Analyses and measures of treatment effect
Mean changes and SD were computed for continuous variables for every study to calculate effect size. As for studies with no reported SD of the mean difference, following formula were used: SD change = square root [(SD baseline 2 + SD final 2) - (2 × 0.8 × SD baseline × SD final)]32. Standardized mean changes were used for variables pooled on the different scales. Between-study heterogeneity was assessed using the chi-squared (χ2) test and quantified using the I2 statistic, which represents the percentage of the total variation across studies that is attributable to heterogeneity rather than to chance.
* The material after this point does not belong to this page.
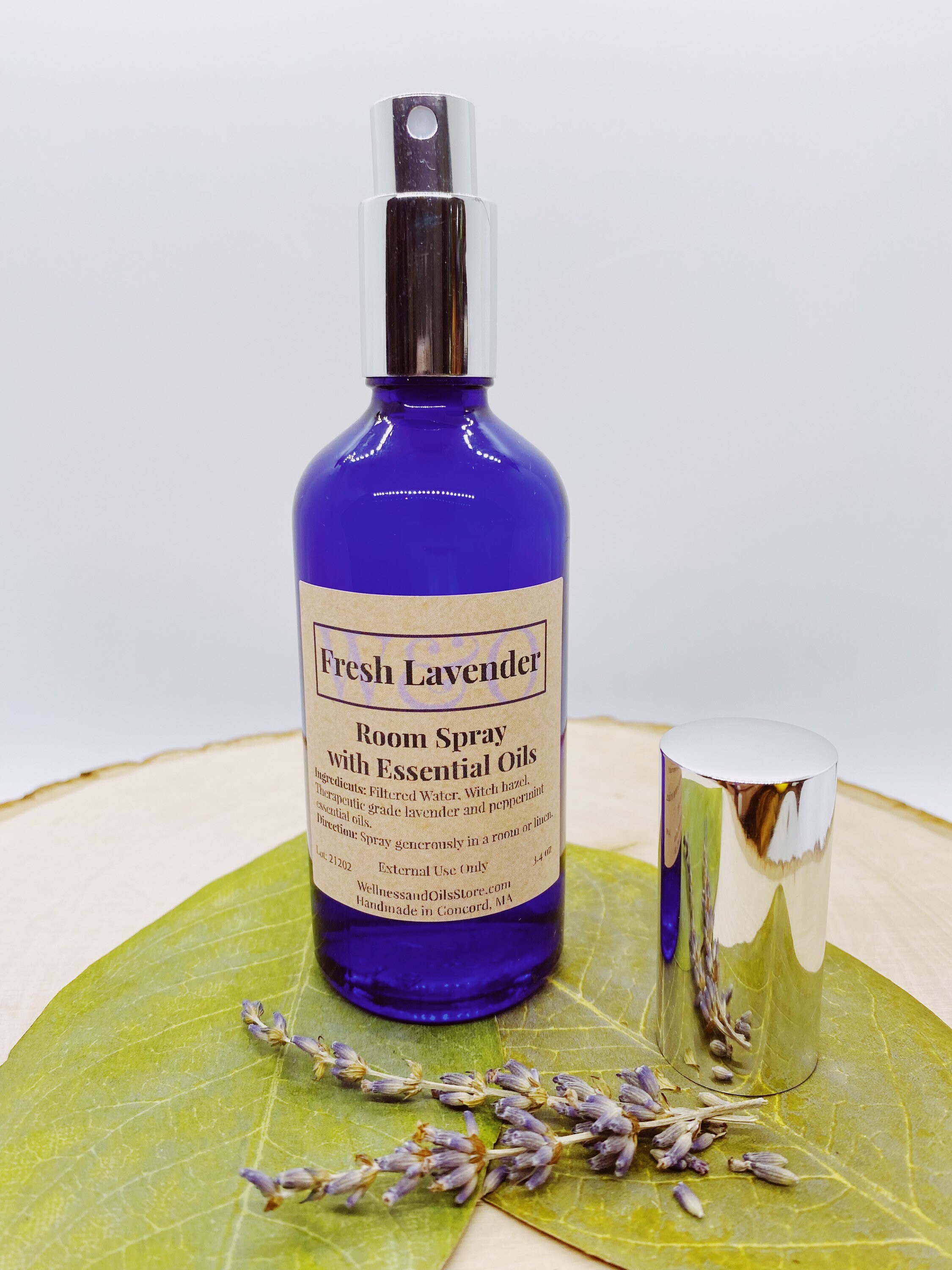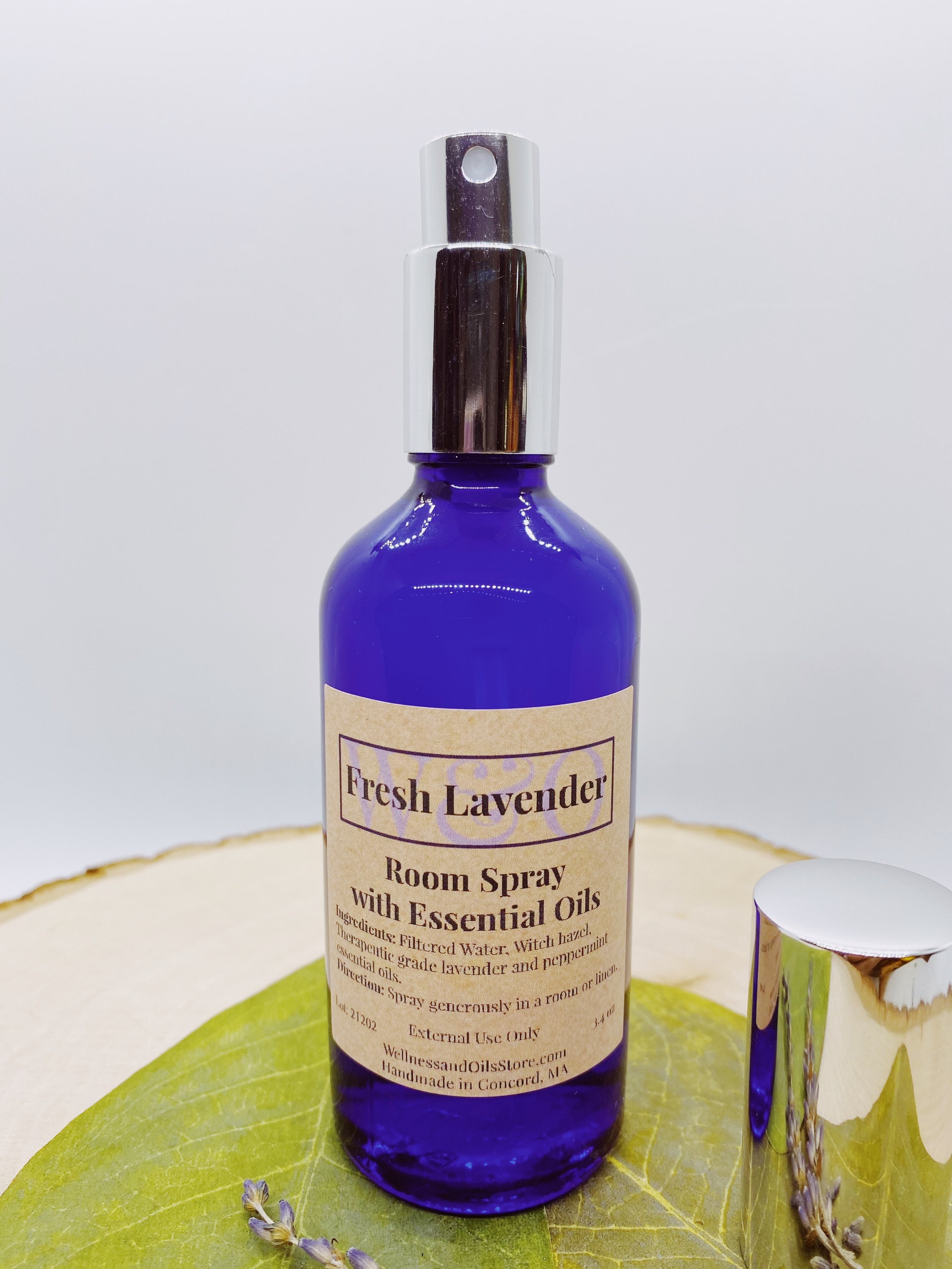 Wellness & Oils Fresh Lavender Room Spray is a perfect essential oil blend of Lavender with a note of peppermint. It is a great alternative to toxic candles. A wonderful housewarming gift or present for anyone who loves Lavender.

Significant heterogeneity was defined with a P-value of <0.05.
The random effects model was applied to compute the weighted mean differences (WMDs) with 95% confidence intervals (CIs) for estimating the overall effect. To evaluate whether the results could have been affected distinctly by a single study, an influence or sensitivity analysis was carried out33. Subgroup analysis was also performed, based on the gender of participant (male, female or both), baseline BMI (over 30 kg/m2 and 30 kg/m2 or lower), dose of soy protein (over 20 g/day and 20 g/day or lower), duration of studies (over 12 weeks and 12 weeks or lower), supplementation type (soy-based meal replacement, soy powder or capsule supplement) and study design (randomized cross over or parallel). Publication bias was assessed by Begg’s rank correlation test and Egger’s regression asymmetry test. Funnel plots also depicted the effect sizes (differences in means) against their corresponding standard errors. Statistical analyses were performed using STATA 11.2 software (StataCorp, College Station, Texas, USA).